§ EXERCISE INSTRUCTIONS: A verbatim reproduction of the following listing is required; omit the pictures.

§ DATA EXCERPT:
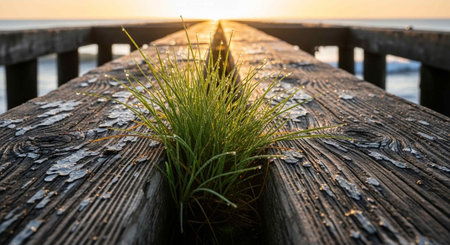 Close up of grass between planks
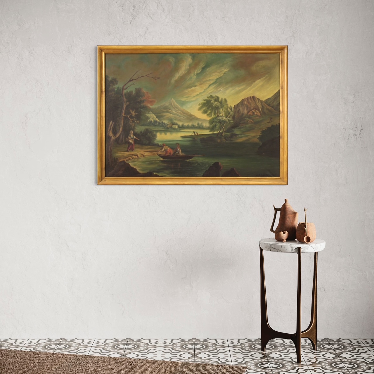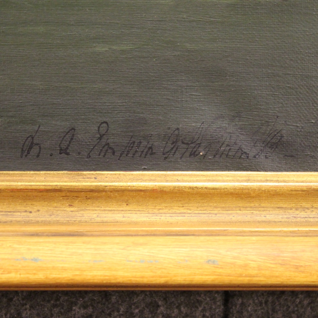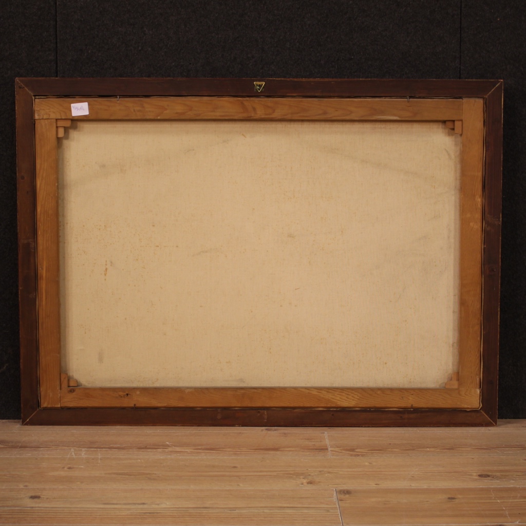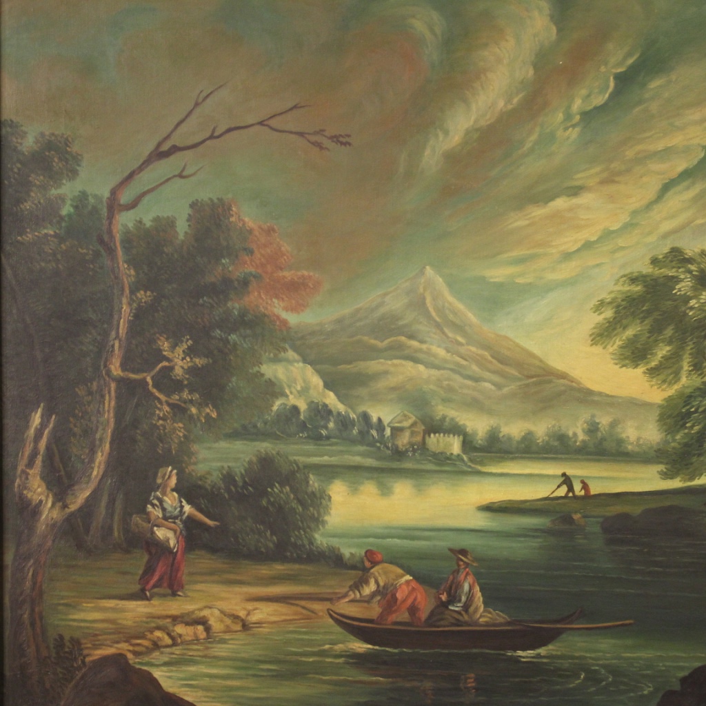 cod. 9412Dipinto italiano della seconda metà del XX secolo. Opera olio su tela raffigurante veduta di fiume con personaggi di carattere settecentesco. Dipinto firmato in basso a destra (vedi foto) in fase di studio. Quadro di bella misura e piacevole arredamento, per antiquari, arredatori e collezionisti. Cornice lignea moderna scolpita e laccata di bella decorazione. Tela che presenta due piccole cadute di colore a destra (vedi foto), facilmente restaurabili. Opera in buono stato conservativo con qualche piccolo segno del tempo. Luce dipinto H 69 x L 99 cm.
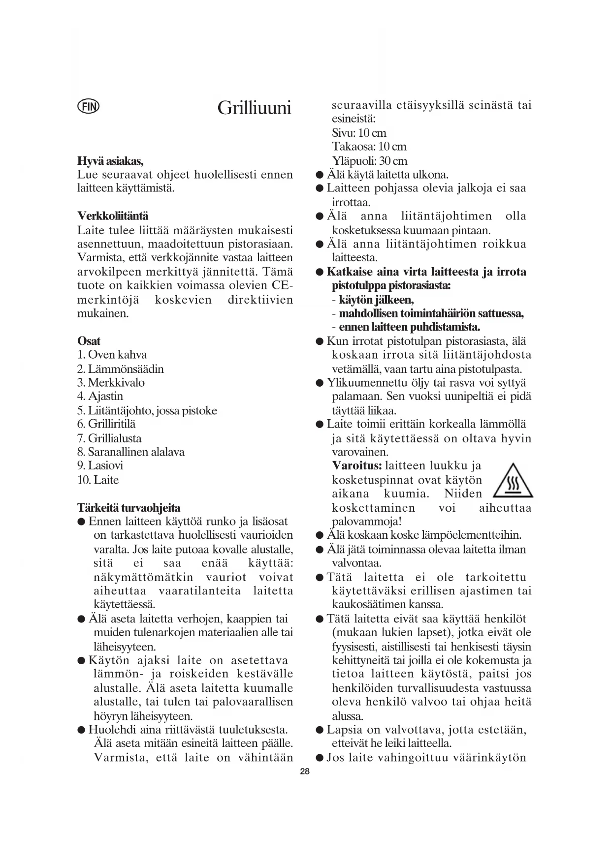 ● Laite toimii erittäin korkealla lämmöllä

§ EXPECTED OUTPUT:
 Close up of grass between planks
 cod. 9412Dipinto italiano della seconda metà del XX secolo. Opera olio su tela raffigurante veduta di fiume con personaggi di carattere settecentesco. Dipinto firmato in basso a destra (vedi foto) in fase di studio. Quadro di bella misura e piacevole arredamento, per antiquari, arredatori e collezionisti. Cornice lignea moderna scolpita e laccata di bella decorazione. Tela che presenta due piccole cadute di colore a destra (vedi foto), facilmente restaurabili. Opera in buono stato conservativo con qualche piccolo segno del tempo. Luce dipinto H 69 x L 99 cm.
 ● Laite toimii erittäin korkealla lämmöllä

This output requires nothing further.